TASK TO COMPLETE
Line by line, repeat the material below exactly and skip the images.

SOURCE MATERIAL
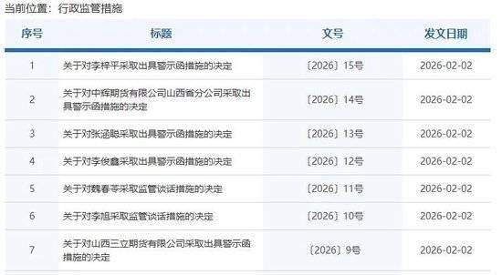 2月2日,山西证监局同步发布7份监管公告,对山西三立期货、中辉期货山西省分公司的违规行为作出处理。两家机构均被采取出具警示函的监管措施,中辉期货山西省分公司1名负责人及山西三立期货4名核心管理人员同步被问责。
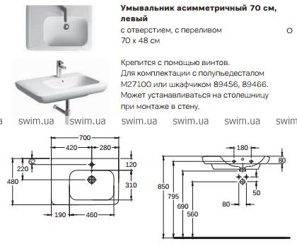 Умывальник Kolo Life M21170 левый
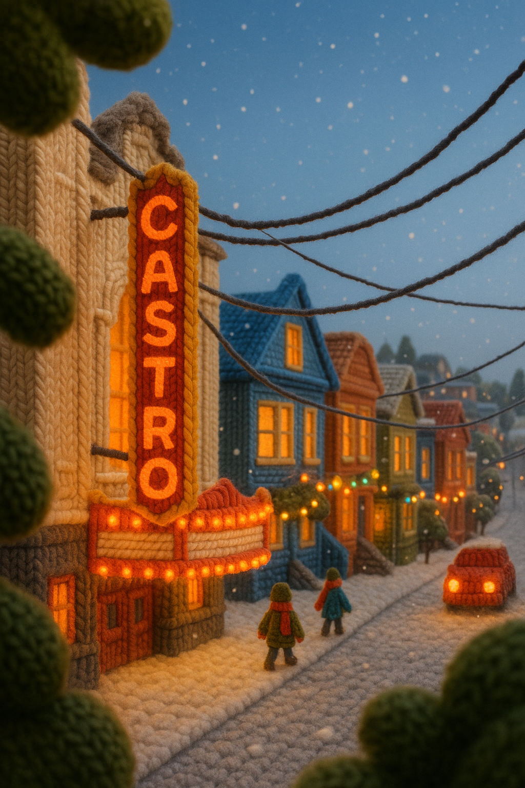 /Collection: /by davooda/Type: PNG/A charming 3D winter scene depicting the Castro District in San Francisco, crafted with yarn-like textures. The setting features cozy, colorful buildings adorned with festive lights, light snowfall, and small figures enjoying the holiday ambiance.
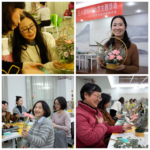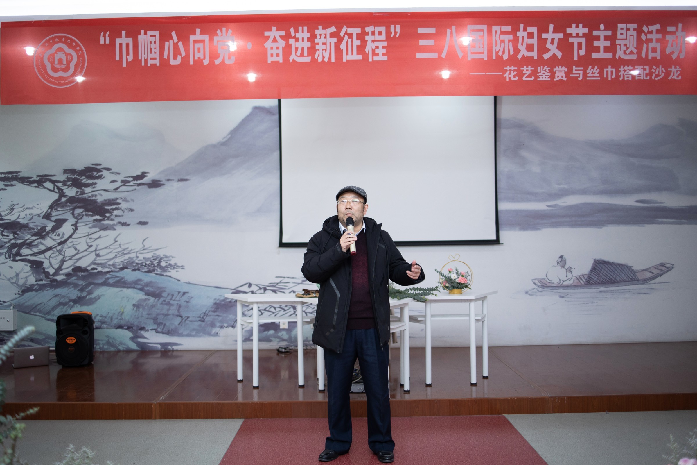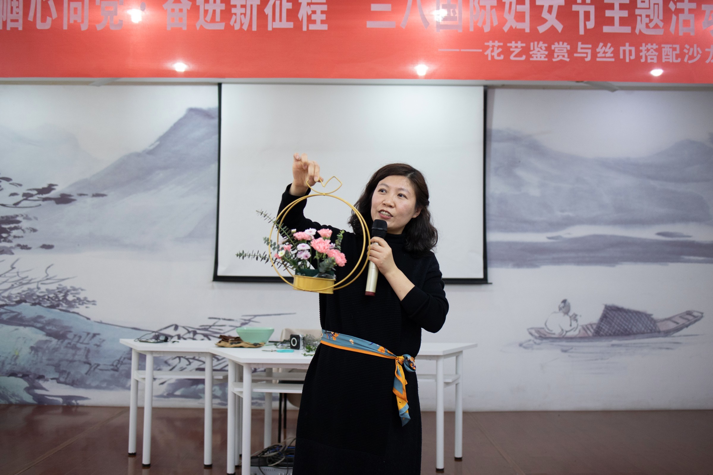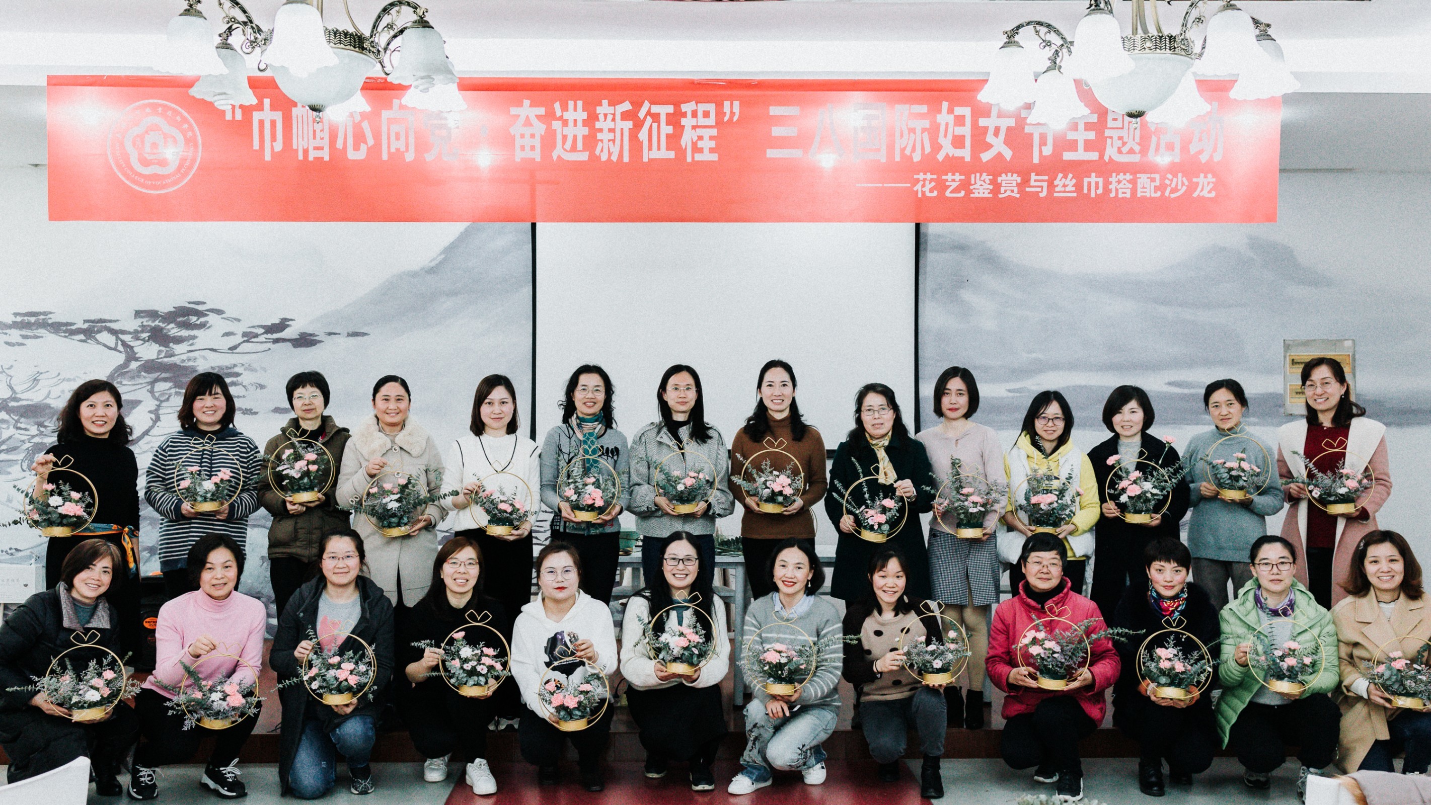 ----“三八国际妇女节”系列活动之花艺鉴赏与丝巾搭配沙龙 三月春光无限好,魅力巾帼绽风华。3月17日下午,“三八国际妇女节”系列活动之花艺鉴赏与丝巾搭配沙龙在旅游学院中餐实训室举行。副校长、校工会主席梅亚萍,校党委委员周栎出席,校工会副主席鲁继业,校工会女工委主任高丽金,旅游学院党总支副书记徐群征和各分工会女教师代表近30余人参加活动,本次活动由旅游学院承办。

RESULT FOR THIS TASK
 2月2日,山西证监局同步发布7份监管公告,对山西三立期货、中辉期货山西省分公司的违规行为作出处理。两家机构均被采取出具警示函的监管措施,中辉期货山西省分公司1名负责人及山西三立期货4名核心管理人员同步被问责。
 Умывальник Kolo Life M21170 левый
 /Collection: /by davooda/Type: PNG/A charming 3D winter scene depicting the Castro District in San Francisco, crafted with yarn-like textures. The setting features cozy, colorful buildings adorned with festive lights, light snowfall, and small figures enjoying the holiday ambiance.
 ----“三八国际妇女节”系列活动之花艺鉴赏与丝巾搭配沙龙 三月春光无限好,魅力巾帼绽风华。3月17日下午,“三八国际妇女节”系列活动之花艺鉴赏与丝巾搭配沙龙在旅游学院中餐实训室举行。副校长、校工会主席梅亚萍,校党委委员周栎出席,校工会副主席鲁继业,校工会女工委主任高丽金,旅游学院党总支副书记徐群征和各分工会女教师代表近30余人参加活动,本次活动由旅游学院承办。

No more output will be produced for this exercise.